- Supplied material

= = = = = = =

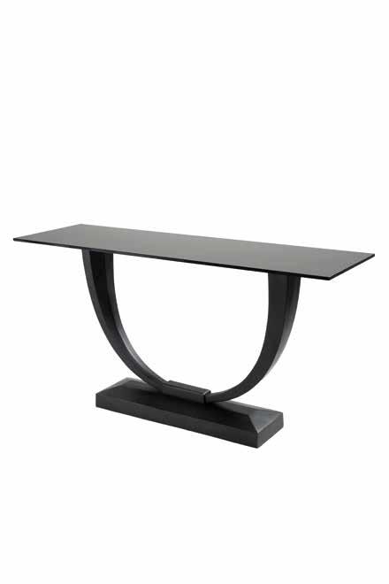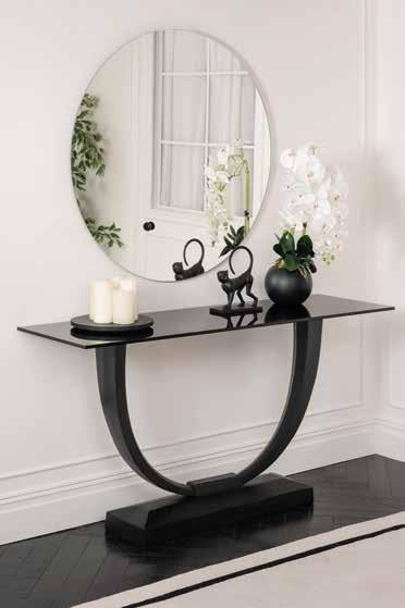 The OMNIA console table, also with black glass surface, features a hand-crafted aluminium base with a sleek matte black finish. This unusually shaped console table makes a striking focal point for hallways, bedrooms and living spaces. Priced at £599.99.
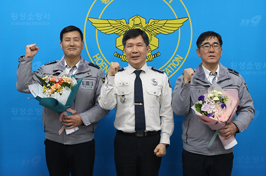 최주영, 이훈의 경위는 지난달 18일 갑천면 순찰 중 축사화재를 발견하고 119신고 및 차량에 비치하고 있는 소화기로 초기화재진압에 기여했다.
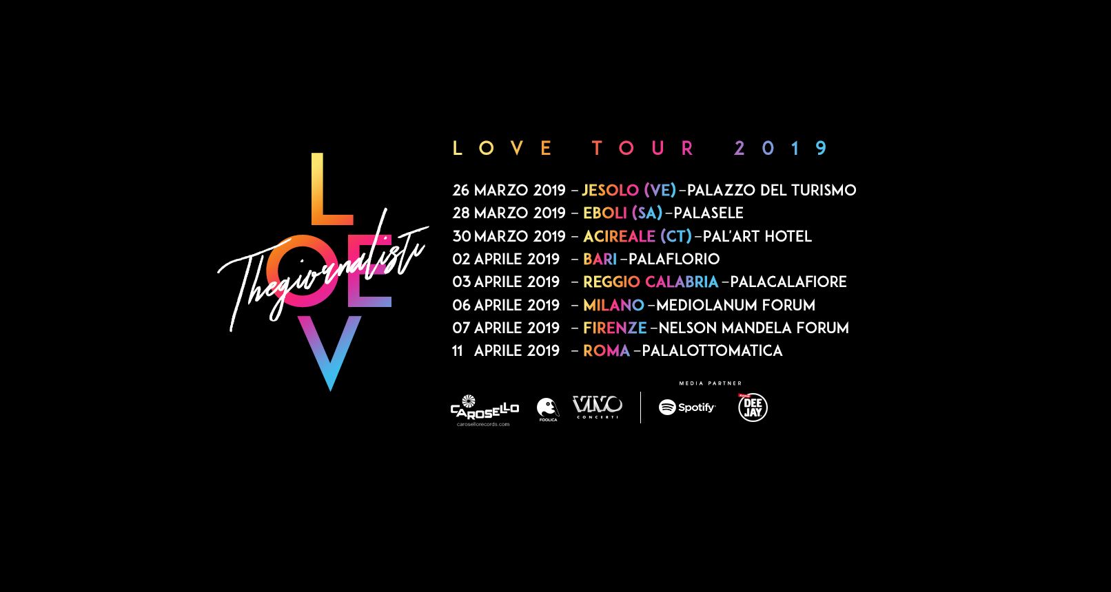 A un mese dall’inizio del “LOVE Tour 2018”, prosegue senza sosta il successo dei THEGIORNALISTI, la band capitanata da Tommaso Paradiso, pronta a tornare live nei più importanti palazzetti d’Italia dal 21 ottobre 2018. Dopo il tutto esaurito delle date di Milano, Roma, Bari, Firenze, Padova, Napoli, Vigevano e Montichiari (Brescia), a grande richiesta, la band annuncia il proprio ritorno sui palchi italiani a marzo 2019, per portare il “LOVE Tour” a Jesolo, Eboli, Acireale e Reggio Calabria ed esibirsi di nuovo anche a Bari, Milano, Firenze e Roma.
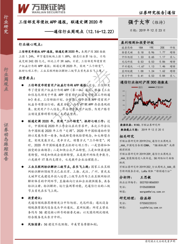 【万联证券】【20191223】通信行业周观点:工信部发布侵权APP通报,联通定调2020年-12页

= = = = = = =

- Task statement
All of the material above must be retyped exactly, line for line, with the images dropped.

- Solution to the problem
 The OMNIA console table, also with black glass surface, features a hand-crafted aluminium base with a sleek matte black finish. This unusually shaped console table makes a striking focal point for hallways, bedrooms and living spaces. Priced at £599.99.
 최주영, 이훈의 경위는 지난달 18일 갑천면 순찰 중 축사화재를 발견하고 119신고 및 차량에 비치하고 있는 소화기로 초기화재진압에 기여했다.
 A un mese dall’inizio del “LOVE Tour 2018”, prosegue senza sosta il successo dei THEGIORNALISTI, la band capitanata da Tommaso Paradiso, pronta a tornare live nei più importanti palazzetti d’Italia dal 21 ottobre 2018. Dopo il tutto esaurito delle date di Milano, Roma, Bari, Firenze, Padova, Napoli, Vigevano e Montichiari (Brescia), a grande richiesta, la band annuncia il proprio ritorno sui palchi italiani a marzo 2019, per portare il “LOVE Tour” a Jesolo, Eboli, Acireale e Reggio Calabria ed esibirsi di nuovo anche a Bari, Milano, Firenze e Roma.
 【万联证券】【20191223】通信行业周观点:工信部发布侵权APP通报,联通定调2020年-12页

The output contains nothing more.